__Task to complete__: Every line in the listing below from the one with "NATURAL MATERIAL - High-End" through the one with "升旗活动结束后,学生党支部一" is to be reproduced exactly, both ends included; leave out the rest.

__Input records__:
━━━━━━━━
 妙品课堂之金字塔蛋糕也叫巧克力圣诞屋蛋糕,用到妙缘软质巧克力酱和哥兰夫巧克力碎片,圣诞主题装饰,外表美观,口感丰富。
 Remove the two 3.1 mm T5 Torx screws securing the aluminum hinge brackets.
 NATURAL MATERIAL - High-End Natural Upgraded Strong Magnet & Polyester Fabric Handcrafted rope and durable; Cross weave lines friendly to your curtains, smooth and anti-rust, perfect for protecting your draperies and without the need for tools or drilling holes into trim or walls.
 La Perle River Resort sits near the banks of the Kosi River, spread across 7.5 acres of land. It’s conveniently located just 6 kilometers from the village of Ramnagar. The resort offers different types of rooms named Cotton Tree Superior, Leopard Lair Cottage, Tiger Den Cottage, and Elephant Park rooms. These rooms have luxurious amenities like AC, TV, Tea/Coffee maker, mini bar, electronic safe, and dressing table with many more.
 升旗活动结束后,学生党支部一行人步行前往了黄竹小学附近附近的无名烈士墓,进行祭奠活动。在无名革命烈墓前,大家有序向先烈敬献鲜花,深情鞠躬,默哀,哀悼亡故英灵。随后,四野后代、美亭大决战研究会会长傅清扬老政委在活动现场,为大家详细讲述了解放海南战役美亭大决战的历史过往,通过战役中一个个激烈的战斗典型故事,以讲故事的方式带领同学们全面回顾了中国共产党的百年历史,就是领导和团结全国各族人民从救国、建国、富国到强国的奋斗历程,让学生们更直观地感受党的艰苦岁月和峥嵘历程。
━━━━━━━━
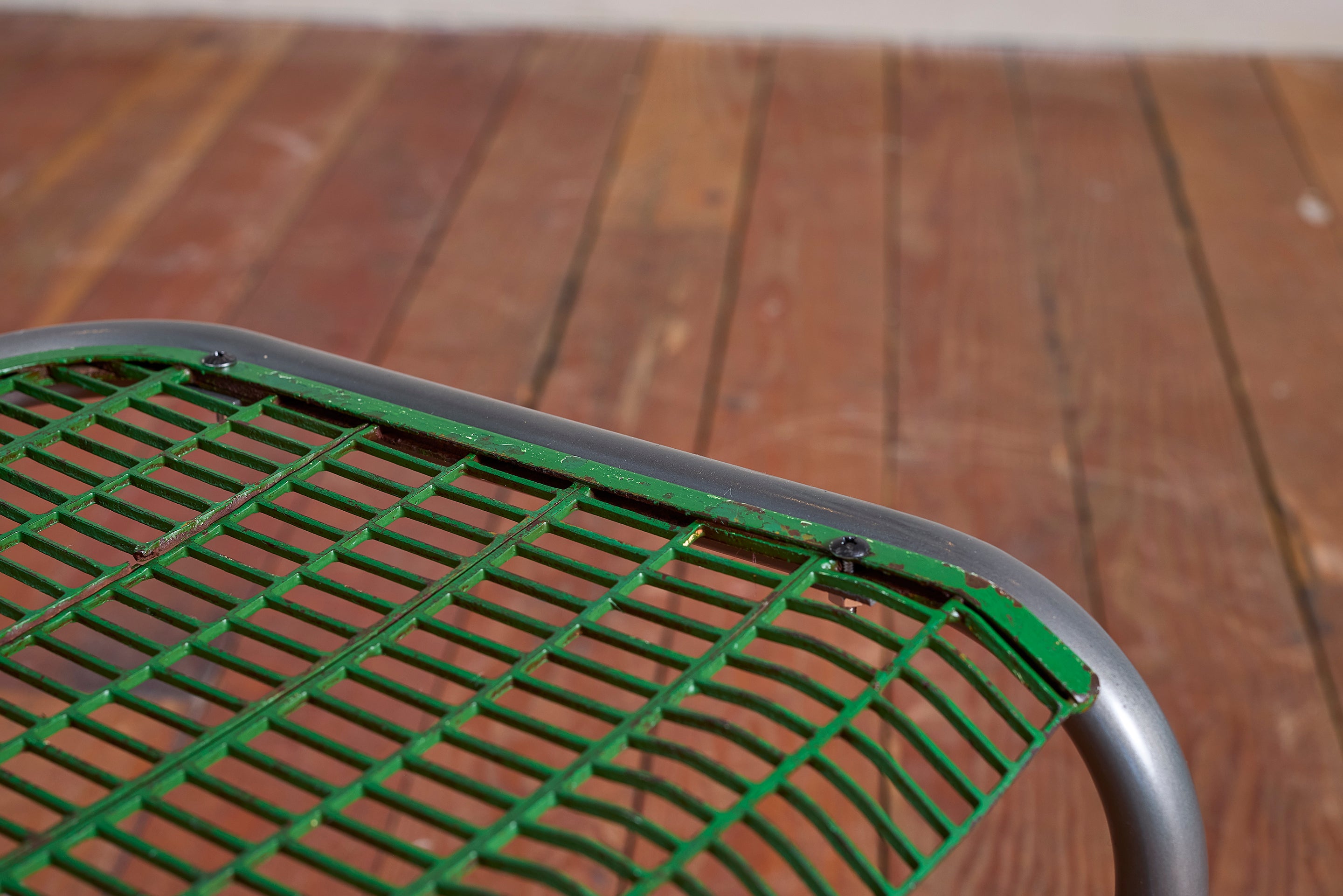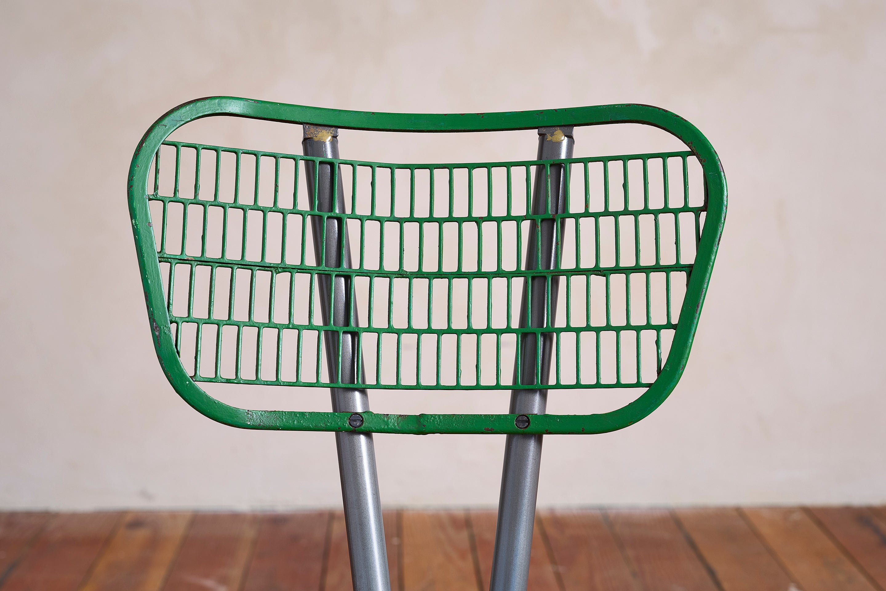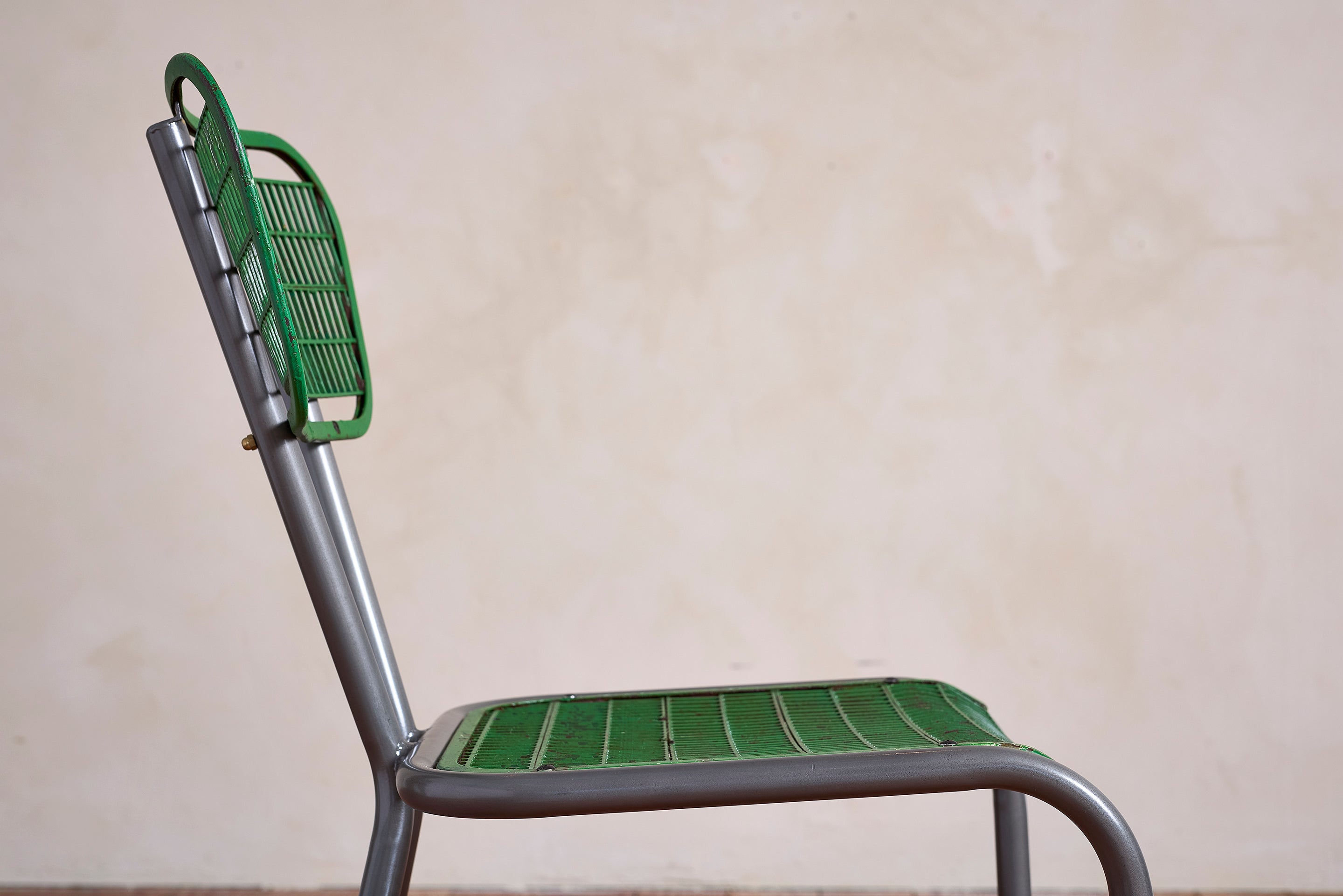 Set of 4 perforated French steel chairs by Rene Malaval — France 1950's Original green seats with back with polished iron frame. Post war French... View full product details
━━━━━━━━
__Result below__:
 NATURAL MATERIAL - High-End Natural Upgraded Strong Magnet & Polyester Fabric Handcrafted rope and durable; Cross weave lines friendly to your curtains, smooth and anti-rust, perfect for protecting your draperies and without the need for tools or drilling holes into trim or walls.
 La Perle River Resort sits near the banks of the Kosi River, spread across 7.5 acres of land. It’s conveniently located just 6 kilometers from the village of Ramnagar. The resort offers different types of rooms named Cotton Tree Superior, Leopard Lair Cottage, Tiger Den Cottage, and Elephant Park rooms. These rooms have luxurious amenities like AC, TV, Tea/Coffee maker, mini bar, electronic safe, and dressing table with many more.
 升旗活动结束后,学生党支部一行人步行前往了黄竹小学附近附近的无名烈士墓,进行祭奠活动。在无名革命烈墓前,大家有序向先烈敬献鲜花,深情鞠躬,默哀,哀悼亡故英灵。随后,四野后代、美亭大决战研究会会长傅清扬老政委在活动现场,为大家详细讲述了解放海南战役美亭大决战的历史过往,通过战役中一个个激烈的战斗典型故事,以讲故事的方式带领同学们全面回顾了中国共产党的百年历史,就是领导和团结全国各族人民从救国、建国、富国到强国的奋斗历程,让学生们更直观地感受党的艰苦岁月和峥嵘历程。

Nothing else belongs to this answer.